**WHAT NEEDS TO BE DONE**
Nothing but the pictures is dropped; write out all the remaining data below exactly.

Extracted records
——

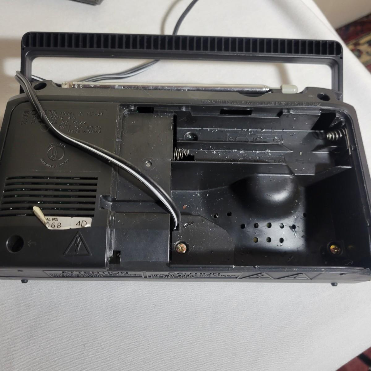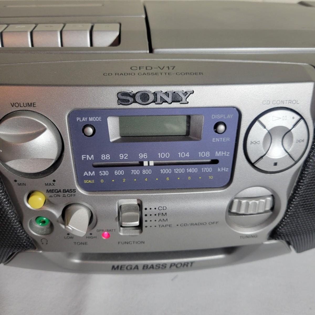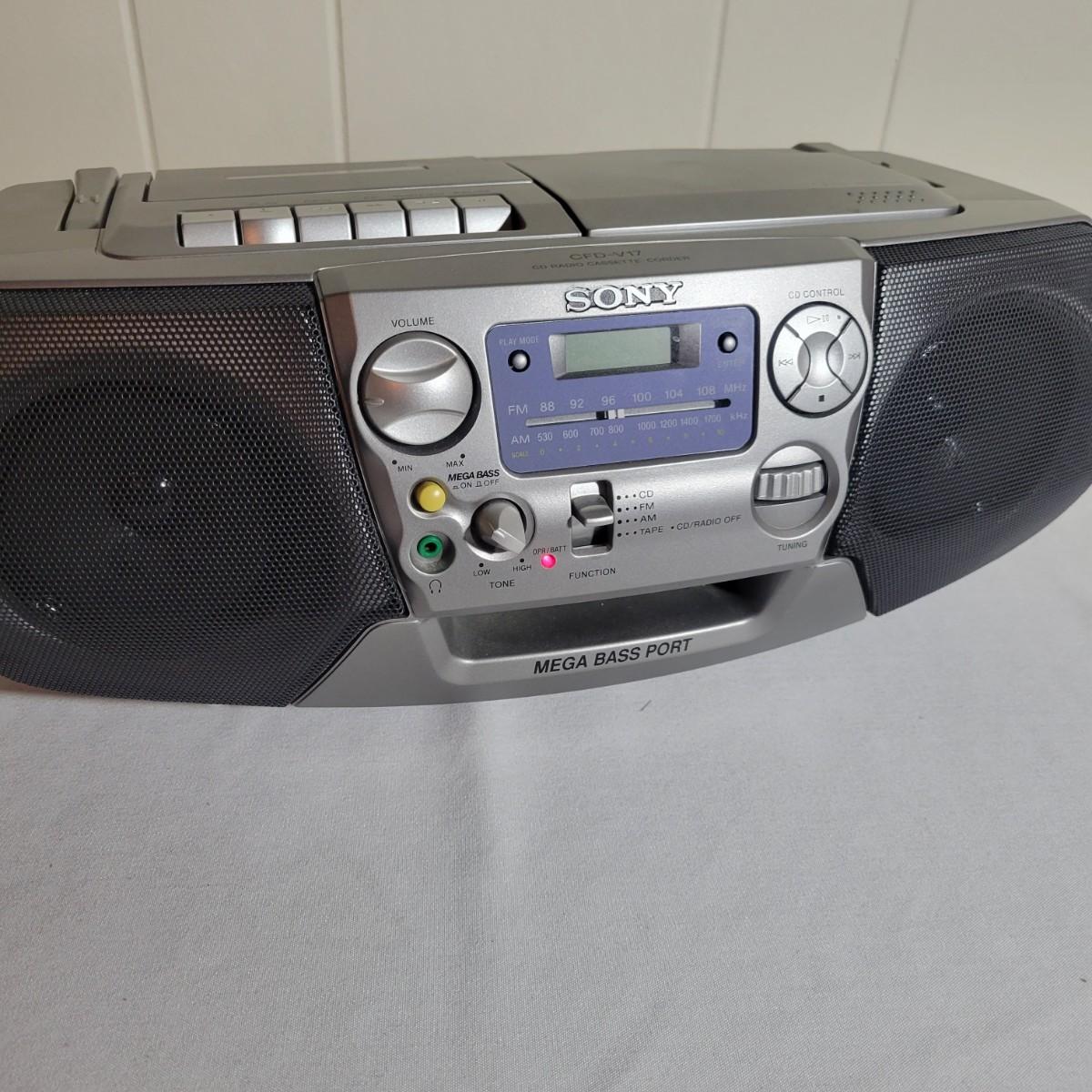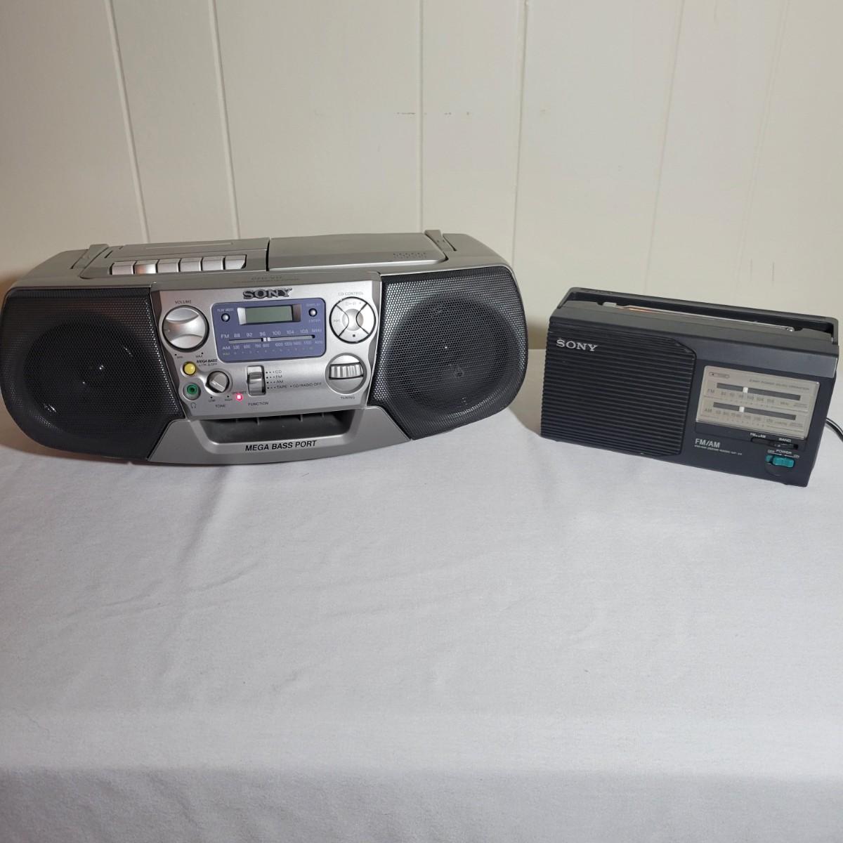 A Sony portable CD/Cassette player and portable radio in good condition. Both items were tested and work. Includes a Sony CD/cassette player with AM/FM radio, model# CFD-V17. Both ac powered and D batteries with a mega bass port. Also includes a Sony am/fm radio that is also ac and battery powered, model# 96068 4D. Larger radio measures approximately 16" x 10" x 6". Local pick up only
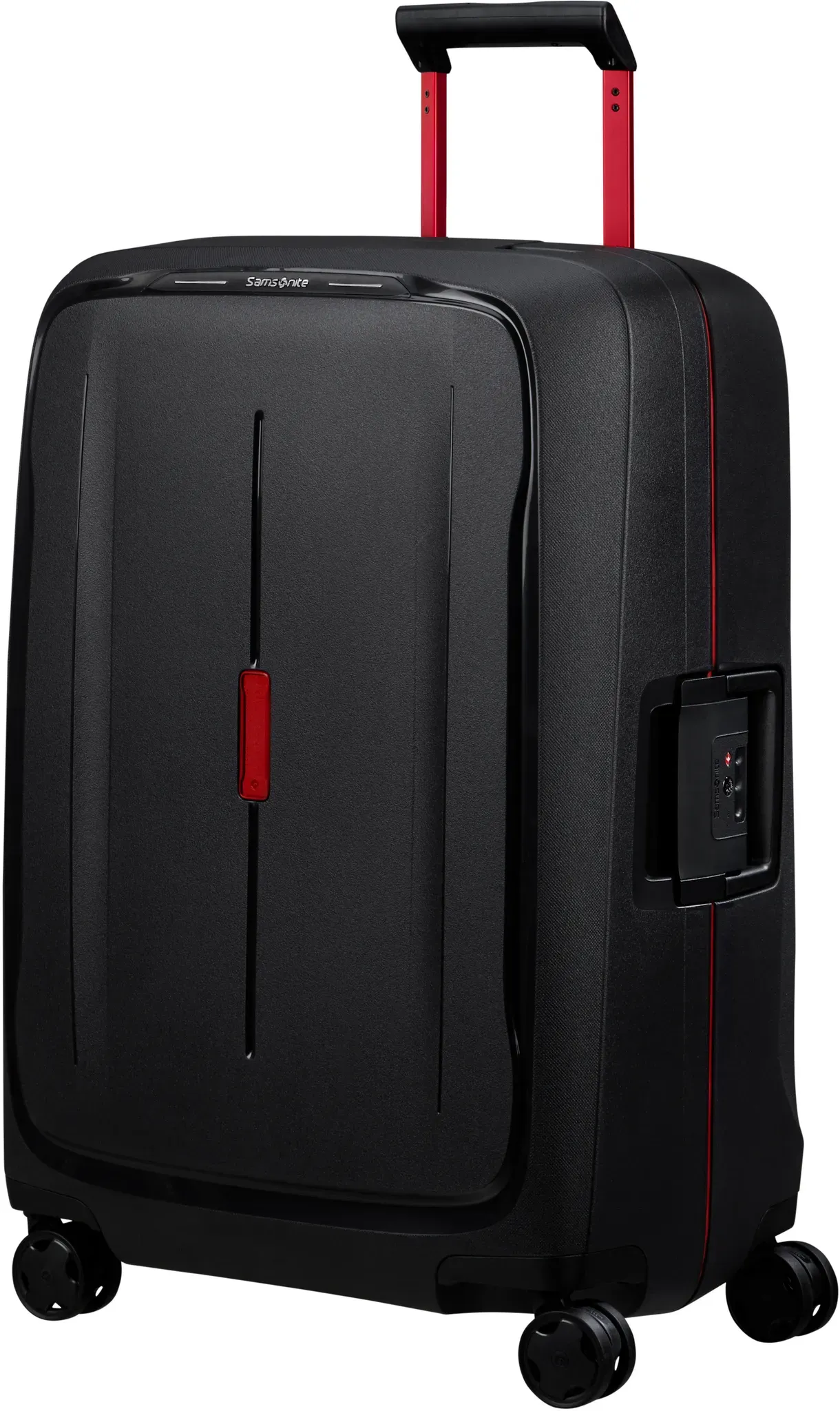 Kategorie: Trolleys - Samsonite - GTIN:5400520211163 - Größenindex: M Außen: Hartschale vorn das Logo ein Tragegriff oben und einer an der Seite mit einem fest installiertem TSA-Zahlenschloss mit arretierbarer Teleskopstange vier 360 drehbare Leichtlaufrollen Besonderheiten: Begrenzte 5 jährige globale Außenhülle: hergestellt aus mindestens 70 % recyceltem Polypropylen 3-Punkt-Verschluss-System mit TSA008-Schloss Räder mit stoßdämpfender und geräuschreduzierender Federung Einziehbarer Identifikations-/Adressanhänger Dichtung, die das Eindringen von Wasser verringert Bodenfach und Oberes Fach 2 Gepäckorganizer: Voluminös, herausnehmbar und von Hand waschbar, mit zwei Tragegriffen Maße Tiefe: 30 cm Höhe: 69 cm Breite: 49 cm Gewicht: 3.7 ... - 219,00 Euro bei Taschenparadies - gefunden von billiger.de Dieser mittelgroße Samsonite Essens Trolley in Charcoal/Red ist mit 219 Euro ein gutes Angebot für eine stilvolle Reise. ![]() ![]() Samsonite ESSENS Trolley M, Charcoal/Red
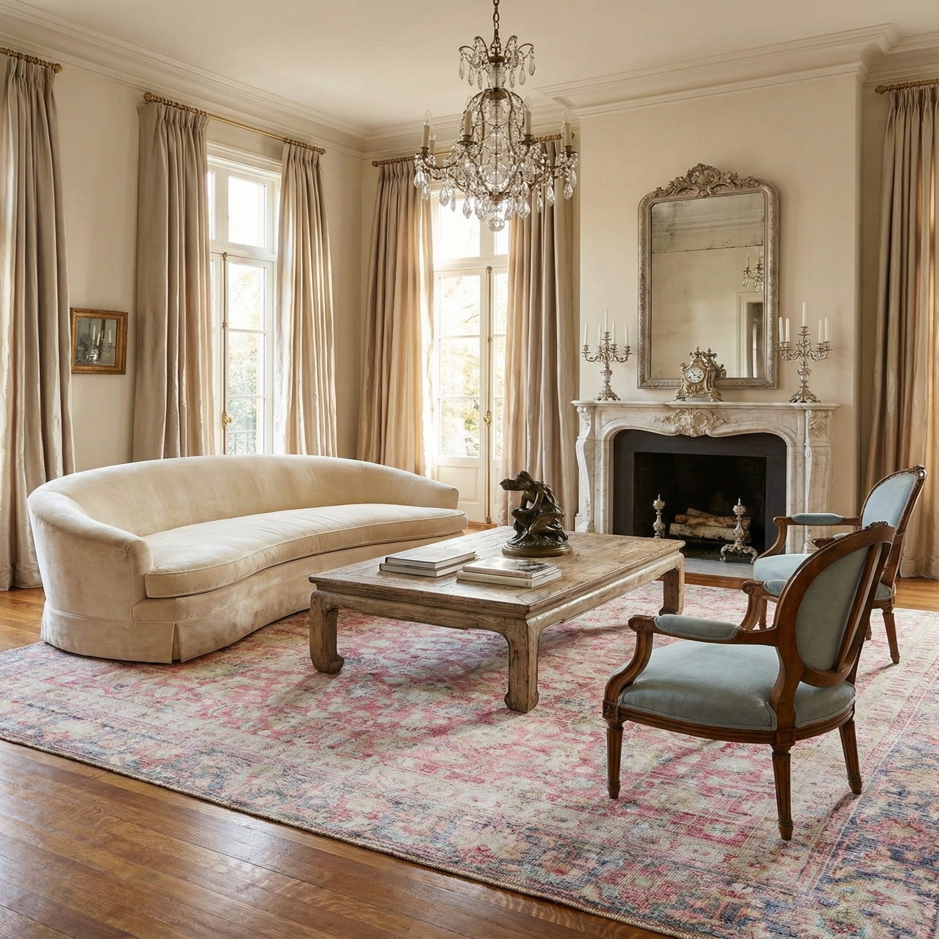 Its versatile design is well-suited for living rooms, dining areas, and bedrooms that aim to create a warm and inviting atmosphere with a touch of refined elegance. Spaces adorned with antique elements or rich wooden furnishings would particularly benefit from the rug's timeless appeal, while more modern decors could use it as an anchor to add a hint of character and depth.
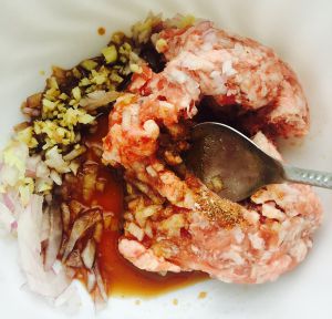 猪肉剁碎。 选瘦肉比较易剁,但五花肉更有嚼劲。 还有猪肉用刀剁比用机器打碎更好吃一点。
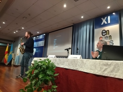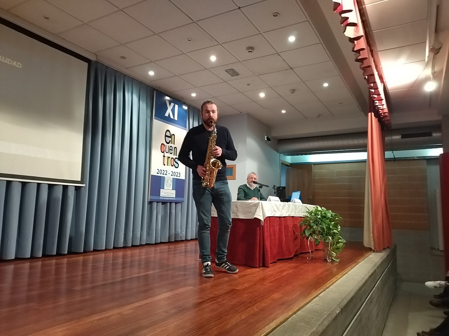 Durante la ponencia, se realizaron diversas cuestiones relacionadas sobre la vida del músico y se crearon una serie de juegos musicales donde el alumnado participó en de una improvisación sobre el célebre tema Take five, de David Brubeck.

——

**OUTPUT**
 A Sony portable CD/Cassette player and portable radio in good condition. Both items were tested and work. Includes a Sony CD/cassette player with AM/FM radio, model# CFD-V17. Both ac powered and D batteries with a mega bass port. Also includes a Sony am/fm radio that is also ac and battery powered, model# 96068 4D. Larger radio measures approximately 16" x 10" x 6". Local pick up only
 Kategorie: Trolleys - Samsonite - GTIN:5400520211163 - Größenindex: M Außen: Hartschale vorn das Logo ein Tragegriff oben und einer an der Seite mit einem fest installiertem TSA-Zahlenschloss mit arretierbarer Teleskopstange vier 360 drehbare Leichtlaufrollen Besonderheiten: Begrenzte 5 jährige globale Außenhülle: hergestellt aus mindestens 70 % recyceltem Polypropylen 3-Punkt-Verschluss-System mit TSA008-Schloss Räder mit stoßdämpfender und geräuschreduzierender Federung Einziehbarer Identifikations-/Adressanhänger Dichtung, die das Eindringen von Wasser verringert Bodenfach und Oberes Fach 2 Gepäckorganizer: Voluminös, herausnehmbar und von Hand waschbar, mit zwei Tragegriffen Maße Tiefe: 30 cm Höhe: 69 cm Breite: 49 cm Gewicht: 3.7 ... - 219,00 Euro bei Taschenparadies - gefunden von billiger.de Dieser mittelgroße Samsonite Essens Trolley in Charcoal/Red ist mit 219 Euro ein gutes Angebot für eine stilvolle Reise. ![]() ![]() Samsonite ESSENS Trolley M, Charcoal/Red
 Its versatile design is well-suited for living rooms, dining areas, and bedrooms that aim to create a warm and inviting atmosphere with a touch of refined elegance. Spaces adorned with antique elements or rich wooden furnishings would particularly benefit from the rug's timeless appeal, while more modern decors could use it as an anchor to add a hint of character and depth.
 猪肉剁碎。 选瘦肉比较易剁,但五花肉更有嚼劲。 还有猪肉用刀剁比用机器打碎更好吃一点。
 Durante la ponencia, se realizaron diversas cuestiones relacionadas sobre la vida del músico y se crearon una serie de juegos musicales donde el alumnado participó en de una improvisación sobre el célebre tema Take five, de David Brubeck.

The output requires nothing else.